Tight Bounds on the Hardness of Learning Simple Nonparametric Mixtures

We study the problem of learning nonparametric distributions in a finite mixture, and establish tight bounds on the sample complexity for learning the component distributions in such models. Namely, we are given i.i.d. samples from a pdf $f$ where $$ f=w_1f_1+w_2f_2, \quad w_1+w_2=1, \quad w_1,w_2>0 $$ and we are interested in learning each component $f_i$. Without any assumptions on $f_i$, this problem is ill-posed. In order to identify the components $f_i$, we assume that each $f_i$ can be written as a convolution of a Gaussian and a compactly supported density $\nu_i$ with $\text{supp}(\nu_1)\cap \text{supp}(\nu_2)=\emptyset$. Our main result shows that $(\frac{1}{\varepsilon})^{\Omega(\log\log \frac{1}{\varepsilon})}$ samples are required for estimating each $f_i$. The proof relies on a quantitative Tauberian theorem that yields a fast rate of approximation with Gaussians, which may be of independent interest.
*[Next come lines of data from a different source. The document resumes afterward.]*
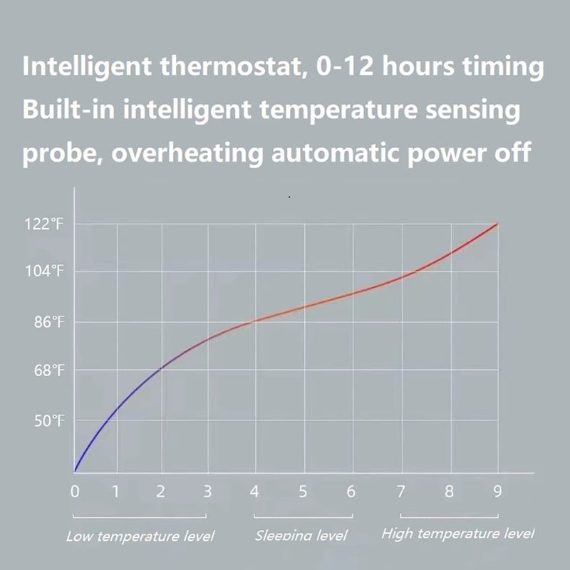 - 【3 controllable temperature modes】 Smart Constant Temperature,0-12 Hours Can Be Set Timing. 1.Low temperature:86°F-101°F 2.Deep sleep temperature:106°F-121°F 3.High temperature:126°F-141°F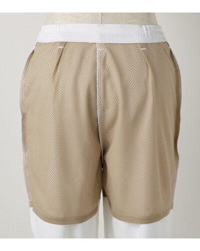 素材はライトストレッチトリコットを使用しており、肌が当たる裏側が点接触の生地なので、汗をかいてもベタつかず涼感をキープ。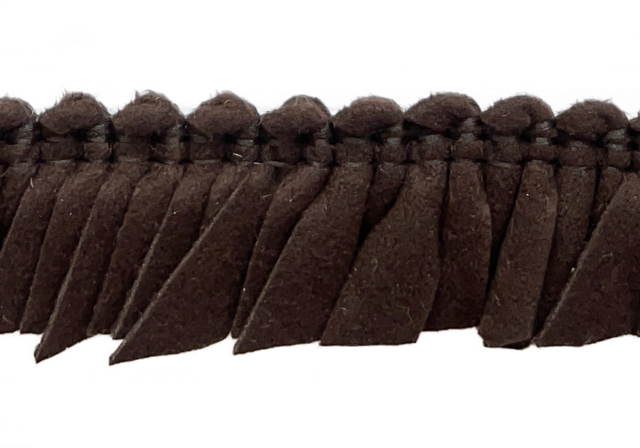 1" wide pleated leather trim in acajou brown. This trim is perfect for sewing haute couture garments such as French designer-inspired jackets - layer your trims for a unique and special look! Made in France.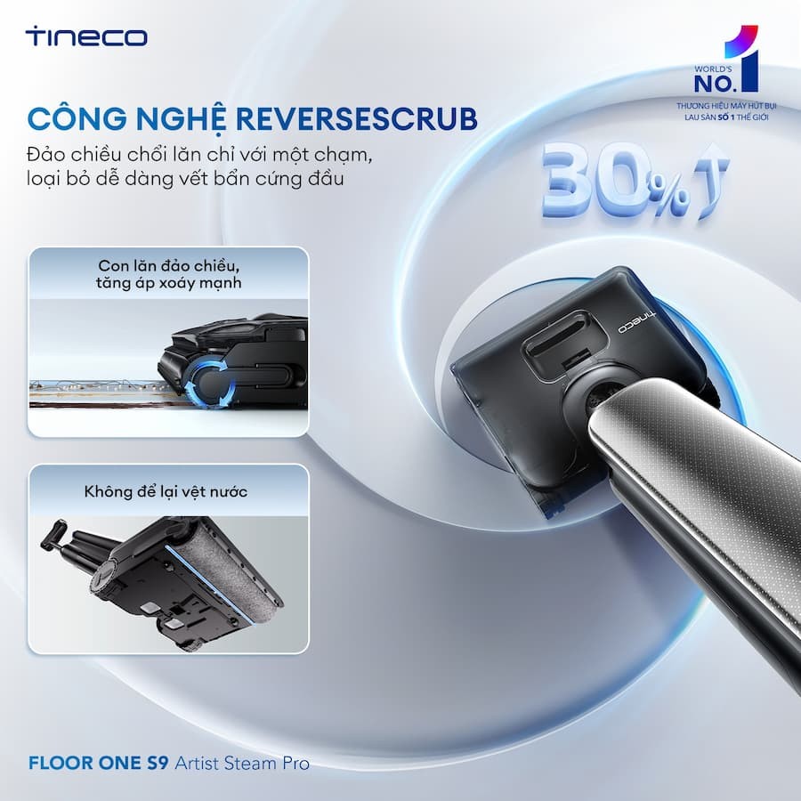 Máy hút bụi lau sàn khô ướt Tineco Floor One S9 Artist Steam Pro sở hữu động cơ Turbo mạnh mẽ, kích hoạt dễ dàng chỉ với một lần chạm. Ở chế độ làm sạch mạnh mẽ, công nghệ ReserveScrub tạo ra dòng xoáy ngược tăng cường, nâng lực chà rửa lên đến 30%, loại bỏ nhanh chóng các vết bẩn cứng đầu, dầu mỡ và cặn khô chỉ trong tích tắc.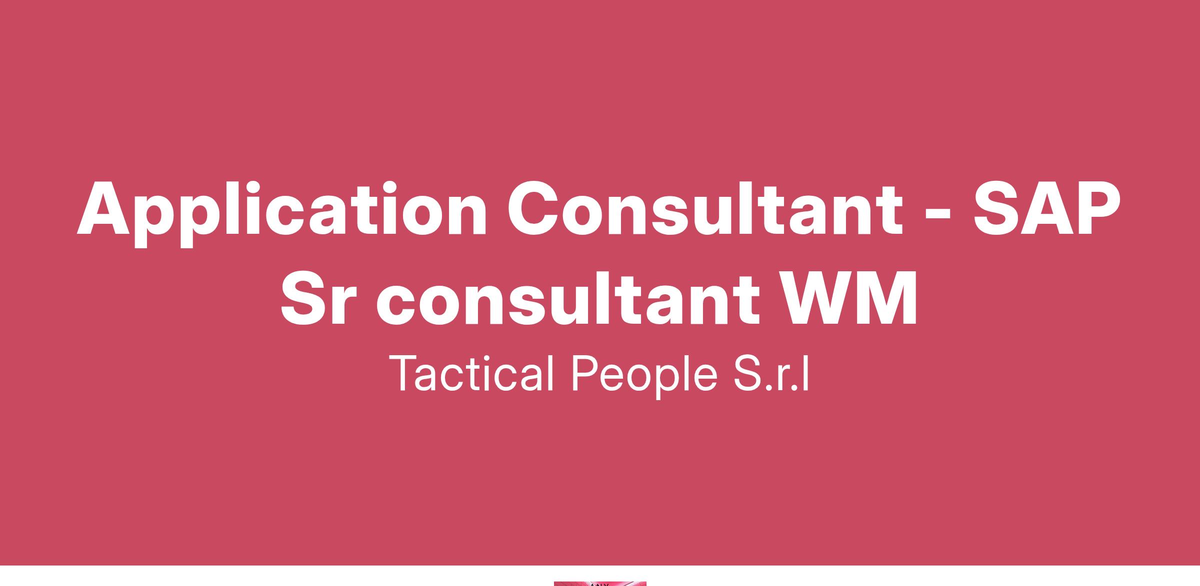 Unisciti a TACTICAL PEOPLE: Innovazione, Persone e Crescita nel Cuore della Digital Transformation Da oltre 20 anni, TACTICAL PEOPLE si posiziona come leader nel mercato ICT, guidando con passione e competenza i nostri clienti di medie e grandi dimensioni attraverso il dinamico percorso della digital transformation. La nostra mission è chiara: non solo abbracciare il cambiamento tecnologico, ma guidarlo, creando soluzioni all'avanguardia che plasmino il futuro digitale. In TACTICAL PEOPLE, crediamo fortemente nel mettere le persone al centro di ogni nostra iniziativa. Le persone sono il cuore pulsante della nostra azienda; il loro benessere, la loro crescita e il loro sviluppo sono la nostra priorità. Ci impegniamo a condividere le strategie aziendali con trasparenza e a fornire formazione e supporto a ogni livello, garantendo che ogni membro del team sia equipaggiato per eccellere e innovare. Stiamo cercando individui che condividano la nostra visione, che siano guidati dalla passione per la tecnologia e che desiderino essere protagonisti nella costruzione di un futuro digitale più luminoso. Se sei pronto a far parte di una squadra che valorizza il talento, incoraggia la crescita personale e professionale e lavora in prima linea nel settore della digital transformation, TACTICAL PEOPLE è il posto giusto per te. Posizione Aperta: Application Consultant - SAP Senior consultant WM Sede: Remoto Descrizione del ruolo: Il candidato ideale deve avere minimo 5 anni di esperienza nel ruolo di consulente SAP WM. Cosa offriamo: Inserimento immediato in una Tech Community giovane e dinamica. TACTICAL LEARNING HUB, con corsi di aggiornamento e formazione. Il presente annuncio è rivolto ad entrambi i sessi, ai sensi delle leggi 903/77 e 125/91, e a persone di tutte le età e tutte le nazionalità, ai sensi dei decreti legislativi 215/03 e 216/03. I curricula dovranno pervenire completi di dicitura che autorizza il trattamento dei propri dati: “Si autorizza al trattamento dei dati personali ai sensi del D. Lgs. 196/2003.

To show this is tight, we also propose an algorithm that uses $(\frac{1}{\varepsilon})^{O(\log\log \frac{1}{\varepsilon})}$ samples to estimate each $f_i$. Unlike existing approaches to learning latent variable models based on moment-matching and tensor methods, our proof instead involves a delicate analysis of an ill-conditioned linear system via orthogonal functions. Combining these bounds, we conclude that the optimal sample complexity of this problem properly lies in between polynomial and exponential, which is not common in learning theory.